守が前田刑事の胸ぐらを掴みながら、強気な口調で言っていたが、俺は守を前田刑事から離した。

「落ち着け守。それ以上すると公務執行妨害出されるぞ。前田刑事どうもすみませんでした。」

俺は前田刑事に深々とお辞儀をし、それを見た前田刑事もズボンの後ろにあるのであろう手錠に手をかけるのを辞めてくれた。


「勇斗君、止めてくれてありがとう。これでも一応仕事だからね、警察署までは勘弁して欲しい。」

前田刑事の申し訳なさそうな声に、守も諦めがついたのか黙ってしまった。


沈黙が少し起こったこの状況、なにか言葉を出そうかと思ったが、ここで聖が声を出した。
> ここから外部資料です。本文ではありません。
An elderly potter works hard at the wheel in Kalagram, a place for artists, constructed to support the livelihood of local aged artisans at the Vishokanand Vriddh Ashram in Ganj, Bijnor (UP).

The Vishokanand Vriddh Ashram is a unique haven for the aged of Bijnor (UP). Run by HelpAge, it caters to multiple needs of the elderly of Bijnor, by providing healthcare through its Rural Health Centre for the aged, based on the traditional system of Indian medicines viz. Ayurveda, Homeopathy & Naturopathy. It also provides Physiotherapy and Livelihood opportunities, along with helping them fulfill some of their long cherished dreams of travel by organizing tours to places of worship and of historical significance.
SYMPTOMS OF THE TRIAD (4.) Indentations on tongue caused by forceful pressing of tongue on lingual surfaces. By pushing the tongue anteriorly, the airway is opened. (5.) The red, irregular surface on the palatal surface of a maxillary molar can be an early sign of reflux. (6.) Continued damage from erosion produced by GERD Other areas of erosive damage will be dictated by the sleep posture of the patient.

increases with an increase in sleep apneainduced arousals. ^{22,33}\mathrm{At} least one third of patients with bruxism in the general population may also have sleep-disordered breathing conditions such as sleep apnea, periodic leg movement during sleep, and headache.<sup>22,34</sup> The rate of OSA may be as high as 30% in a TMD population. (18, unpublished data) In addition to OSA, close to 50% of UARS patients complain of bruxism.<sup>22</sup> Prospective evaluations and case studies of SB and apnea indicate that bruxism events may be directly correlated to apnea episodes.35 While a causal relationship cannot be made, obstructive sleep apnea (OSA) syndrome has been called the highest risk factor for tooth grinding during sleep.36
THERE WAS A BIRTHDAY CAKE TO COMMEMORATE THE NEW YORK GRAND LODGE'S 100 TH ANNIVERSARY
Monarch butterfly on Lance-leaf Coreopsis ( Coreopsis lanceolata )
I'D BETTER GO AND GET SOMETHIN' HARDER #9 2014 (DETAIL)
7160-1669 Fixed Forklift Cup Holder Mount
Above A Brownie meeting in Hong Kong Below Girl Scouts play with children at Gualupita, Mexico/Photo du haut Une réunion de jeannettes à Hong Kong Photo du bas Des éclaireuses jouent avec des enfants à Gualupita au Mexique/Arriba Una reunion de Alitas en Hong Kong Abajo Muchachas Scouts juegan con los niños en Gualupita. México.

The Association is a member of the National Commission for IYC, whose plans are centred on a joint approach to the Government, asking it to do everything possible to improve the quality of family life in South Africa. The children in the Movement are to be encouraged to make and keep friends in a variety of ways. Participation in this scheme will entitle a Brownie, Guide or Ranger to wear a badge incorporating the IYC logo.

「あの…刑事さん達、よかったら一緒に学校へと行ってくれませんか?」

まぁあんな怖い思いをしたあとじゃ歩くのが怖いのも無理ないかとみんな思っただろう。

だが、聖は意外な一言を言い放った。

「校長先生なら、多分全て知ってるんだと思います。なので、勇斗と守も一緒に全員で学校へと行きましょう。」


刑事達は、少し2人で話すと言って、少し遠くの木の陰に歩いていった。


「それにしても大変だったなぁお前ら。怪我なかったか?」と、守が力の抜けた声で言うもんだから、俺も聖も笑ってしまった。

「守くんは、私たちが大変になってた時居なかったけどどこ行ってたの〜?まったく〜。」

聖が笑いながら守へと質問していた。

まぁ、聖に笑顔が戻って何よりだな。

俺は安堵しつつ守の回答を待った。


「それがよぉ〜腰が抜けてずっと茂みに転がってたんだよ。やっと起き上がれたと思ったら勇斗の前のアレが地面にころがってやんの。」

守はあの一場面をちゃんとは見ていなかったから前田刑事に突っかかったのかと理解した。


「守くんは知ってるけど、勇斗は知らないんだよね。アレについて。」

と俺が斬ったアレを指さしながら話始めようとした時、

「やぁ待たせたなお前さん達、それじゃあ学校へ向かうとするか。それにあたってお前さんの手錠も外していくことになったから。」

そう言いながら羅門刑事は、手錠の鍵を出し、俺の手錠を外した。


少しまだ手首に手錠がかかっていた時の名残りがあるが、手錠を外してくれたのはありがたいことだった。


前田刑事が公園の入口にパトカーを持ってくると、俺達はそこに乗り込んだ。

そうして今に至るわけだ。


でも何故だろう。俺は今、不思議な状況下に置かれている。

俺の両腕を片方ずつ聖と守にギュッと掴まれているのだ。

聖はまぁ怖いのもあるだろうからわかるが、何故に守にまで掴まれているのだろうか。

特になにか怖い目にあった訳でもないと思うのだが。

「なぁ守。何故俺の腕を掴んでいる?気味が悪いぞ。」

俺は直球で質問してみた。

すると守は、「ふーん、俺はダメで聖はいいんだぁ〜。」

といたずらっ子のような笑みを浮かべながら俺を見てきた。

とたんに俺も恥ずかしくなり、聖に少し手をどかすように言ったが、聖は離してくれなかった。

「青春中すまないが、お嬢ちゃんなぜ校長はなんでも知ってると思ってるか聞かせてくれるかい。」

羅門刑事が助手席からこちらをチラ見して手にはメモの用意をしていた。

聖は、改めて俺を迎えに来る前に校長先生から聞いた話を始めた。


「まずは先程のアレについて。名前は天魔兵と言って、全体が機械で出来ているらしいです。倒すすべはまだ分かってないみたいですけど、一応勇斗の持っていた刀は有効みたいですね。」

聖が俺の方をチラッと見ながら話しているのを俺は見てないフリをしていた。

「そういや剣持家のお前さんはあの刀はどうして持ってたんだ?」

ふと不思議に思ったのか羅門刑事がいきなり俺に問いかけてきた。

「あぁ、それはこの親父の手紙を読んで譲り受けたんです。」

そう言いながら、俺はポケットに入れていた親父からの手紙を取りだした。

それを守と聖が覗き込むと、まぁ分かっていたが同じ言葉を発していた。

「よ、読めない…。」

まぁ当然といえば当然だろう。親父は達筆なのだから。

「これはな、昔母さんに書いてもらった五十音表を見ながら解読するんだ。俺はもう読み終えたけどな。」

羅門刑事にも見せてみたが、読めなかったらしい。直ぐに俺に手紙が戻ってきた。

「で?なんて書いてあったんだよ。」

守が目をキラキラさせながら俺を見てくる。

「まぁ着くまでまだ時間があるから、読んでやるよ。この手紙には重要なことが書かれてるんだ。だから俺は刀を持ち、校長の元に向かおうとしたんだ。」


そう言うと、俺は手紙を読み始めた。